Civic enterprise seems to be different than the non-profit social enterprise. In my studies into public administration I have learned that non-profit organization, as a discipline, seems to focus on fixing the failures of business and government, rather than doing innovative things. When you look at large non-profits, especially those focused on medical research, they often look and act like the companies and agencies that they are cleaning up after. Neither government nor business seems to be able to find a cure for breast cancer, and so social enterprises have stepped in, which is good, but in doing so, they seem to have adopted the same money driven, top-down, central planning approach as their government and business predecessors, rather than adopting new approaches that do more with less. It seems that either by coincidence or causation, government and business use similar approaches (centralized management) and have sort of dissolved and congealed into this weird symbiosis:
…the social democratic welfare state has increasingly become a corporate-welfare state, in which the gains are privatised and the losses socialised. In other words, the state has become an extension of the corporation and is less and less a servant of the citizenry.
In theory, the non-profit is the citizenry’s first line of defense. Non-profits rely on neither business, nor government to keep running so there should be at least some measure of protection against the gravitational pull of government/corporate corruption. I for one, am not convinced, because of the non-profit’s use of the same leadership and management techniques that led government and business into co-dependence.

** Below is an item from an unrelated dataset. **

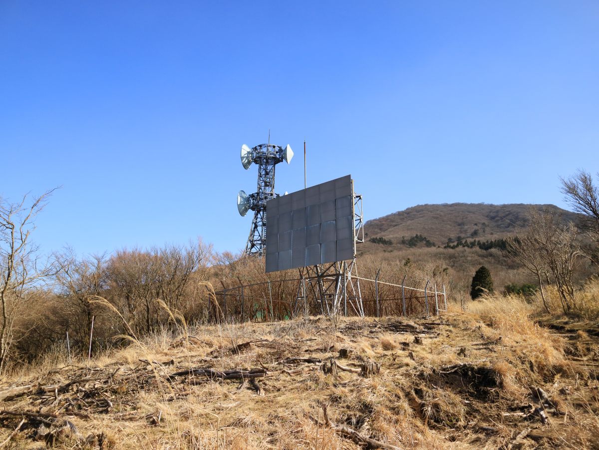 途中で反射板があった。方角的に右奥の山のピークまで登らないといけないっぽい

I am intrigued by Bauwen’s idea of the civic enterprise. I am intrigued by the idea of using networks of citizens to cooperate their way through problems, and having those networks serve as a check and balance against abuses of and by the corporate welfare state:
Occupy and open-source models illuminate a new possible reality, in which the democratic civic sphere, productive commons and a vibrant market can co-exist for mutual benefit:
* At the core of value creation are various commons, where innovations are open for all to share and to build upon;
* These commons are protected through non-profit civic associations, which empower that social production;
* Around the commons emerges a vibrant commons-oriented economy comprised of ethical companies, whose legal structures tie them to the values and goals of the commons communities, not to creating private profit.
Where these three circles intersect, citizens decide on the optimal shape of their provisioning systems.